I am trying to rotate a vector [x,y]
around the origin such that when the rotation is completed it lies on the X axis. In order to do this, I'm first computing the angle between [x,y]
and [1,0]
, then applying a simple 2D rotation matrix to it. I'm using numericjs to work with the vectors.
math.angleBetween = function(A, B) {
var x = numeric.dot(A, B) / (numeric.norm2(A) * numeric.norm2(B));
if(Math.abs(x) <= 1) {
return Math.acos(x);
} else {
throw "Bad input to angleBetween";
}
};
math.alignToX = function(V) {
var theta = -math.angleBetween([1,0], V);
var R = [[Math.cos(theta), -Math.sin(theta)],
[Math.sin(theta), Math.cos(theta)]];
return numeric.dot(R, V);
};
(Note: math
is a namespace object within my project. Math
is ye olde math object.)
This code works sometimes , however there are occasions where no matter how many times I run math.alignToX
the vector never even gets close to aligning with the X axis. I'm testing this by checking if the y
coordinate is less than 1e-10
.
I've also tried using Math.atan2
with an implicit z
coordinate of 0, but the results have been the same. Errors are not being thrown.
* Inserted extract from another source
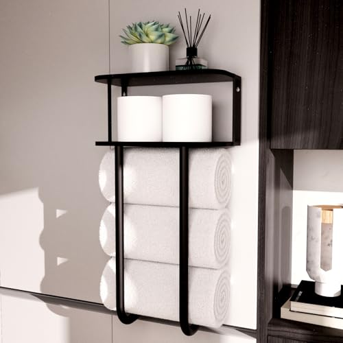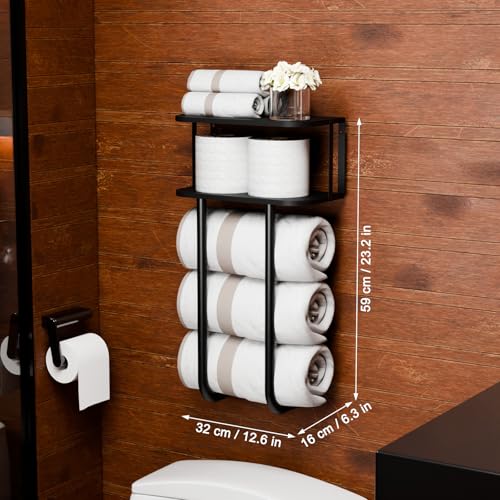 - Large Capacity and Space Saving: This bathroom shelf features two parts, towel rack and 2-tier wood shelf. The towel rack part is large enough to hold up to 3 extra-large size bath towels. The wood shelf could be as toilet paper storage, or storage for aromatherapy, greenery, and so on. Moreover, it mounts on the wall, eliminating the need for additional floor or cabinet space. The bathroom shelf is particularly beneficial for smaller bathrooms or making the most of available wall space.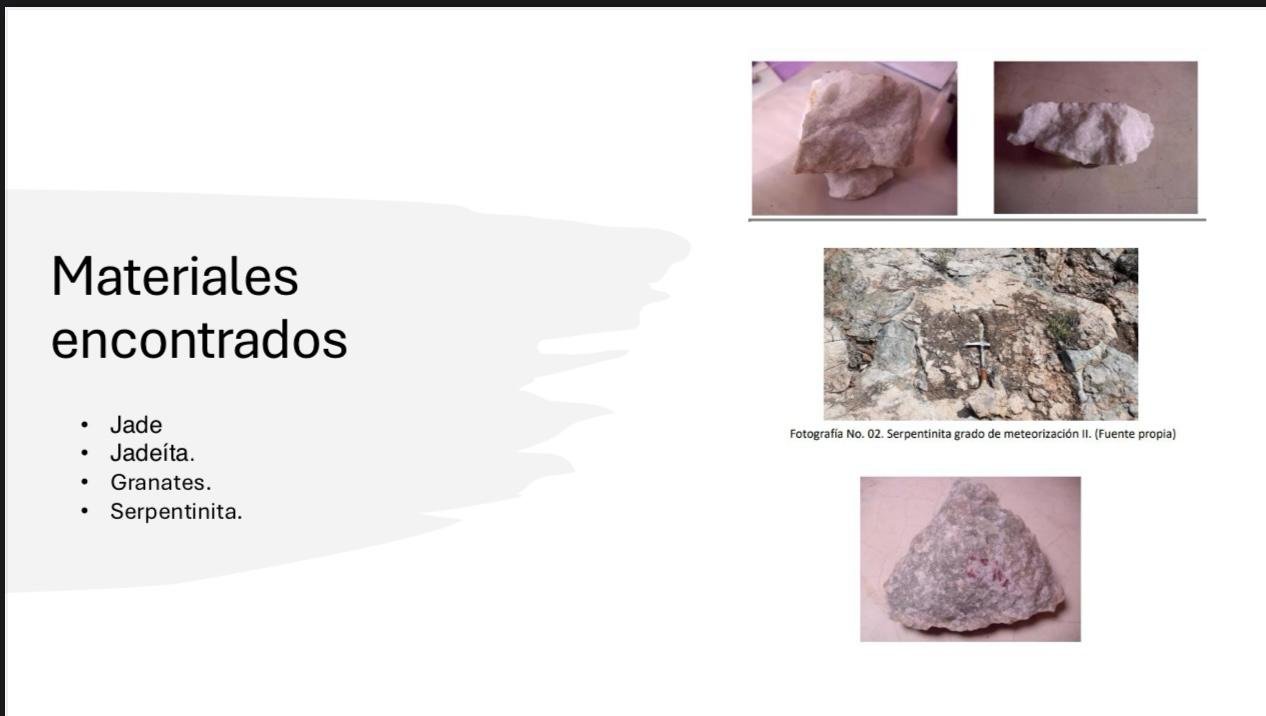 - En el terreno se ha encontrado (Jade, jadeita, granates, serpentinita)

Some example results:
math.alignToX([152.44444444444434, -55.1111111111111])
// result: [124.62691466033475, -103.65652585400568]
// expected: [?, 0]
math.alignToX([372, 40])
// result: [374.14435716712336, -2.0605739337042905e-13]
// expected: [?, 0]
// this value has abs(y coordinate) < 1e-10, so its considered aligned
What am I doing wrong?
If you're rotating something other than your vector, then you'll need to use your R
matrix. But if you just need to rotate your vector, the result will be [Math.sqrt(x*x+y*y),0]
.
Actually, the task of building a rotation matrix that aligns a known 2d vector with [1, 0] doesn't require any trigonometric functions at all.
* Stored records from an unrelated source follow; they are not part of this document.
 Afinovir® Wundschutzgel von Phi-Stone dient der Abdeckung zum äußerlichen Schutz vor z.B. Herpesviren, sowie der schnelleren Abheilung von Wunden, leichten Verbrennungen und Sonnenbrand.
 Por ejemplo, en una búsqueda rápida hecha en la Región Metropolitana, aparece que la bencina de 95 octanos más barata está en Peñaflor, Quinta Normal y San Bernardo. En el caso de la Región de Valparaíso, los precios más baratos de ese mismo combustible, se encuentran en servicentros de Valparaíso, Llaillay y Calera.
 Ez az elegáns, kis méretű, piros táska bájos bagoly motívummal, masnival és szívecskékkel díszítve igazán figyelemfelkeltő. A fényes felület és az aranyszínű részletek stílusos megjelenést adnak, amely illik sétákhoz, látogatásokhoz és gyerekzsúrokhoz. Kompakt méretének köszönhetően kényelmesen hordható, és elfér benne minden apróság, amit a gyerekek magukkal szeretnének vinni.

In fact, if [xy] is your vector and s is its length (s = Sqrt(x*x + y*y)), then the transformation that maps [xy] to align with [1 0] (pure rotation, no scaling) is just:
[ x y]
T = 1/s^2 [-y x]
For example, suppose your vector is [Sqrt(3)/2, 1/2]. This is a unit vector as you can easily check so s = 1.
[Sqrt(3)/2 1/2 ]
T = [ -1/2 Sqrt(3)/2]
Multiplying T by our vector we get:
[Sqrt(3)/2 1/2 ][Sqrt(3)/2] [1]
T = [ -1/2 Sqrt(3)/2][ 1/2 ] = [0]
So in finding the rotation angle (which in this case is Pi/6) and then creating the rotation matrix, you've just come full circle back to what you started with. The rotation angle for [Sqrt(3)/2, 1/2] is Pi/2, and cos(Pi/2) is Sqrt(3)/2 = x, sin(pi/2) is 1/2 = y.
Put another way, if you know the vector, you ALREADY know the sine and cosine of it's angle with the x axis from the definition of sine and cosine:
cos a = x/s
sin a = y/s where s = || [x, y] ||, is the length of the vector.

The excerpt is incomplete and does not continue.